You can’t be too careful about who you tell, or when. My stepsister shared her dream name with a friend. Now both have toddlers named Carson.

Few decisions are as fraught as picking a name. Some parents like to wait and see what the kid looks like before making a final determination. The fact that most infants look like old people no doubt explains the recent trend toward names like Ira, Ruth, and Cornelius, also known as people Gussie and Yos used to kibitz with.

Every parent falls into the same trap: we think the name is about the child, but it’s always about us. Naming a kid gives parents the opportunity to show their aspirations, to honor their heritage, to demonstrate their coolness. We name the baby what we wish him to be, what we’d like her to have in life. It’s the first time we get to exert our will on something that has a will of its own. Do we want dreamers or nudists? Try Rain and River. Major league hockey players? Go for Ivan and Sergei. Performers with cross-over appeal? There’s Beyonce and Justin, although it’s probably best to stay away from Miley. Approximately nine bajillion websites exist to help us answer these very questions.

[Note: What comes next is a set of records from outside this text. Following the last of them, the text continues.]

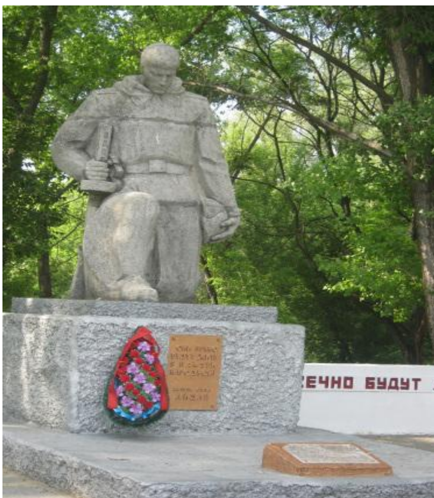
Памятник погибшим воинам, с. Айдар
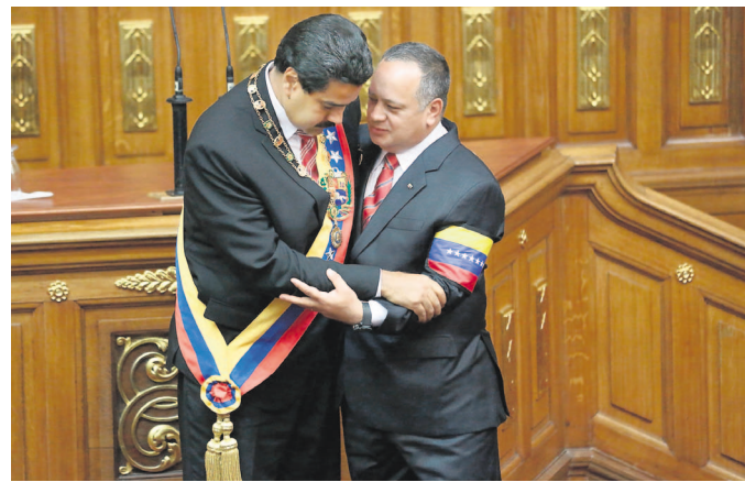
PODER. Maduro y Cabello durante la investidura presidencial, el pasado 8 de marzo.

A lo largo de una hora, Silva le plantea a Palacio lo que estima como debilidades del presidente Nicolás Maduro,
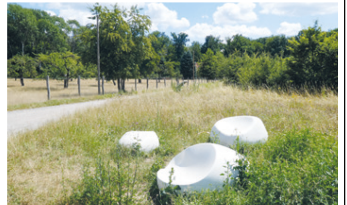
(Abb. 10b) Sitzkiesel beim ehemaligen Forsthaus.
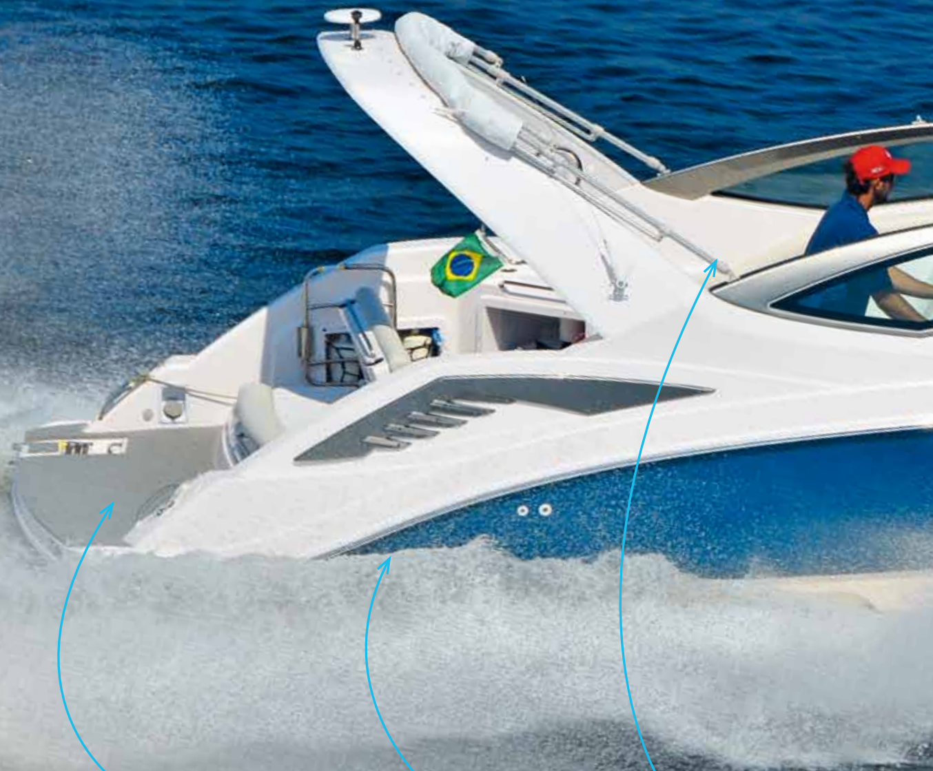
Plataforma de popa de bom tamanho

A nova lancha da Fibrafort agrada bastante no estilo e no desempenho, mas nem tanto assim na cabine
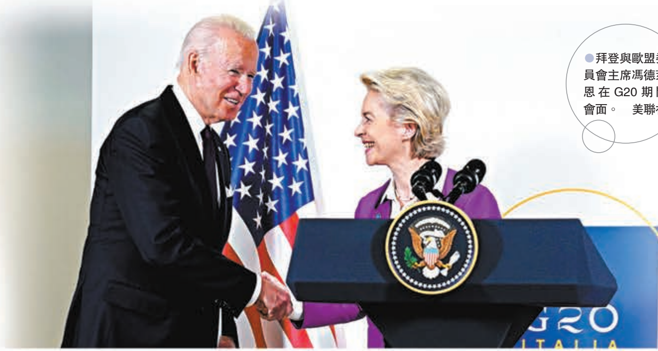
●拜登與歐盟委員會主席馮德萊恩在G20期間會面。

在為期兩天的二十國集團(G20)峰會上，與會領導人同意支持經濟合作與發展組織(OECD)簽訂的15%的全球最低企業稅率協議，以期於2023年生效。不過最新分析則顯示，富裕國家將成為這項稅率協議的「主要贏家」，估計最低稅率產生的1,852億歐元(約1.67萬億港元)額外稅收中，大多數都將流入富裕國家，當中美國單獨就佔了512億歐元(約4,605億港元)，足足是中國估計所能得到的34億歐元(約306億港元)的15倍。
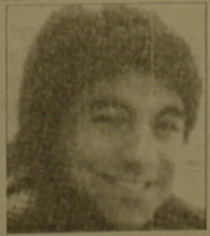
Քեյրոսի ՏՄԸՄ-ն և ՏՄՄ-ն հանդիպումները ռմբակոծության օսկ են ցուցաբերում։

Առաջին անգամ թենիս սառույցի վրա։ Քեյրոսի ՏՄԸՄ-ն և ՏՄՄ-ն հանդիպումները ռմբակոծության օսկ են ցուցաբերում։

A few days ago I stopped to watch a gaggle of preschool kids, labeled with adorably outsized name tags. Jayden, Aidan, Mason, and Madison came first, followed by Ethan, Emma, Olivia, Kayla, Mia, Michael, Hector, and Eliza. Each has a future bigger than the proper noun selected by his or her parents. Plus, there wasn’t a Jessica in the bunch. I went home and told Garrett that maybe we ought to consider “Junior.”